WWF Philippines will organize a 1.5 day conference for field staff to gather site experiences that use traditional management systems of indigenous people in promoting conservation. Project managers in 5 sites will present case studies on their site experiences. Partners from indigenous support organizations will be invited to present papers on their experience of conservation projects, react to presentations and participate in an open forum.

Target audiences are WWF field staff and indigenous people representatives. WWF staff from relevant Malaysian and Indonesian sites involved in the Coral Triangle Network Initiative (NI) will also be invited to learn from these experiences. Partners from the Palawan indigenous people support groups, Philippine Association for Intercultural Development (PAFID) and NCIP will be invited.

Objectives

1. Contribute to a better understanding among WWF field staff of the importance of traditional management systems and tenurial security of indigenous people in promoting biodiversity conservation.

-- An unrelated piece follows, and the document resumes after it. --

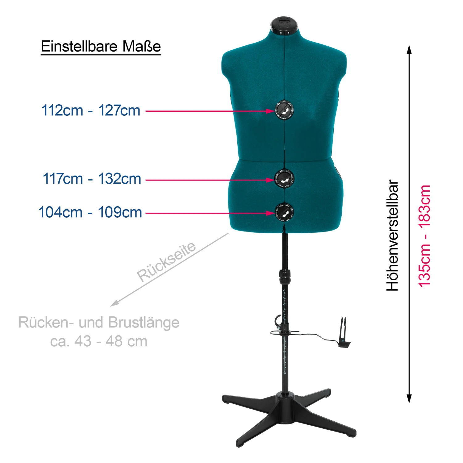 DETAILS: Höhenverstellbar 135 cm – 183 cm, Einstellbare Maße: Brustumfang 112 cm – 127 cm, Taille 104 cm – 109 cm, Hüfte 117 cm – 132 cm, Rücken- und Brustlänge ca. 43 – 48 cm |
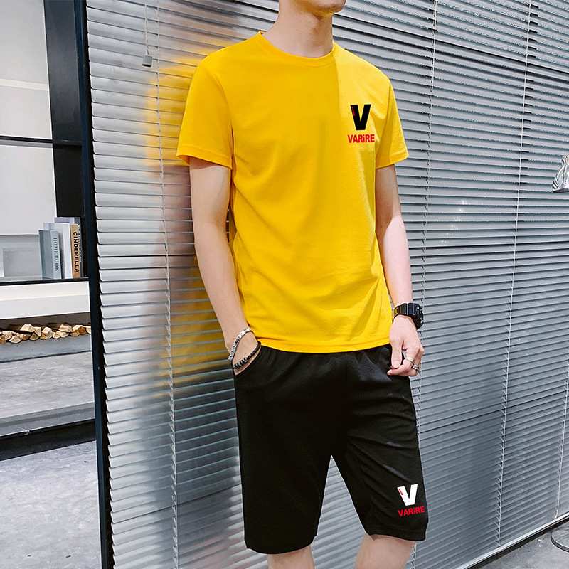 スポーツスーツ男性夏フィットネス男性速乾半袖tシャツセットランニングゆるいカジュアルスポーツウェア大きいサイズ

2. Generate broader learning on best practices for collaboration with indigenous people, particularly in relation to the Coral Triangle NI.

3. Raise awareness of the WWF Statement of Principles on Indigenous People and Conservation and validate a Philippine country statement.

Solution

The conference will bring together key stakeholders to promote better understanding of traditional management methods used by indigenous people. A better understanding will also facilitate support for these communities and help them address threats to their livelihoods.

Achievement

WWF Philippines organized the WWF-Indigenous People Policy Forum in October which was attended by around 45 people.

Representatives from the indigenous groups of Sibuyan-Mangyan Tagabukid, Molbog tribe, Iraya Mangyan, Mangyan Alangan and Palawan Tagbanua were present. National non-governmental organization (NGO) support groups from the Philippine Association for Inter-Cultural Development (PAFID), Environmental Law Assistance Centre (ELAC) and the Palawan NGO Network Inc (PNNI) were also represented.